While both tablets and smartphones are extremely convenient when on the move, tablets have several additional advantages. In fact, they are a boon to the ecommerce industry, since the larger screens offer better visibility of online stores and merchandise, thus facilitating purchases.

Average spending per user on tablets is therefore 20% higher than on smartphones but since more people have smartphones, their overall share of ecommerce spending is lower. Given the unique advantages of smartphones and tablets, it appears that they are working in conjunction to boost total online retail sales. Additionally, the inherent cost savings and convenience of "showrooming" ensures that the trend will continue.  

Continued advancements in technology are improving navigation and customer experience on ecommerce sites, which is improving reviews and thus drawing more traffic to the sites.

The digital consumption of books, music, video and games all over the world is extending the reach of these goods and thereby boosting sales. Therefore, previously unconnected electronic goods, such as TVs and game consoles are now being modified to enable connectivity. On the other side of the fence, online versions of books, music, video and games that can be downloaded and consumed on a traditional computer or any other connected device are becoming available.

Since the shift in consumption patterns is resulting in multi-functional electronic gadgets that are no longer optimized for a particular activity, there is a great drive to develop technologies that could improve the quality of each experience.

Free shipping remains a major lure. However, shipping/logistics is a cost that ecommerce companies are required to absorb. So they are doing everything they can to take down costs. Some, like Amazon (Nasdaq:AMZN-Free Report), are supplementing the "local" feature (customer pickup from nearby store at his/her own convenience) with a larger number of more strategically located fulfillment centers.

Amazon is systematically doing away with traditional package delivery companies like UPS (NYSE:UPS-Free Report) and Fedex (NYSE:FDX-Free Report) because it operates on very thin margins. Online marketplaces like Alibaba are teaming up with local delivery companies (in China) to create a massive distribution network.  

Top-Selling Items

With retail of all kinds gradually moving online, picking specific categories to focus on has become a challenge.

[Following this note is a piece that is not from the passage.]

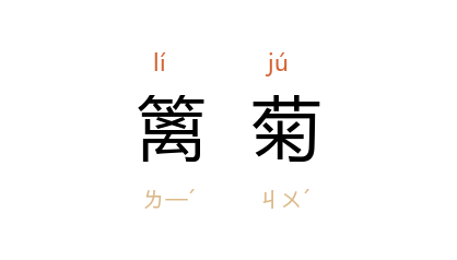 引语本 晋 陶潜 《饮酒》诗之五:“採菊东篱下,悠然见 南山。”唐 刘长卿 《九日题蔡国公主楼》诗:“篱菊仍新吐,庭槐尚旧阴。”唐 白居易 《履道新居》诗:“篱菊黄金合,窗筠緑玉稠。”

Individual product categories can broadly be classified today as books/music/video, apparel and accessories, auto and parts, consumer/CE, toys/hobby, home furniture/furnishings, health, food/beverage, office equipment and supplies, and other.

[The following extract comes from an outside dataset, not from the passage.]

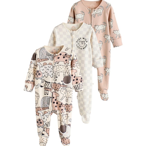 NEXT Embroidered Baby Pyjamas 3 Pack, Brown/Cream

A recently published ecommerce study indicates that all these categories will grow at a mid-teens percentage rate this year with the exception of books/music/video which will be somewhat stronger. But growth rates are expected to moderate across categories to the low double-digits by 2018.

Apparel is a huge market and although online sales are currently under 10% of total apparel sales, the category already generates the most dollars. Selling tools, such as zoom, color swatching and configurators are helping the process. Even primarily brick-and-mortar outfits like Macy's (NYSE:M-Free Report) sees that consumers purchasing through multiple channels (online and offline stores) tend to spend more. This is encouraging traditional retailers to offer an online store to supplement their physical stores. Online sales also show better conversions since searches usually draw consumers with a prior intention to purchase.

The increase in technology purchases over the Internet is driven by not only individual consumers, but also companies and governments. The efficient and timely processing of orders, choice of payment options, subscription-selling and sales under the SaaS model are all facilitators.

The Association of American Publishers (AAP) says that ebook sales in the U.S. flattened out in 2013 due to difficult comps, particularly in the children's category. Publishers also took pricing actions, which affected revenues. Units however, grew 10.1% according to BookStats, a joint project between the AAP and the Book Industry Study Group. With a penetration rate in the mid-teens percentage range, the scope for market expansion is present.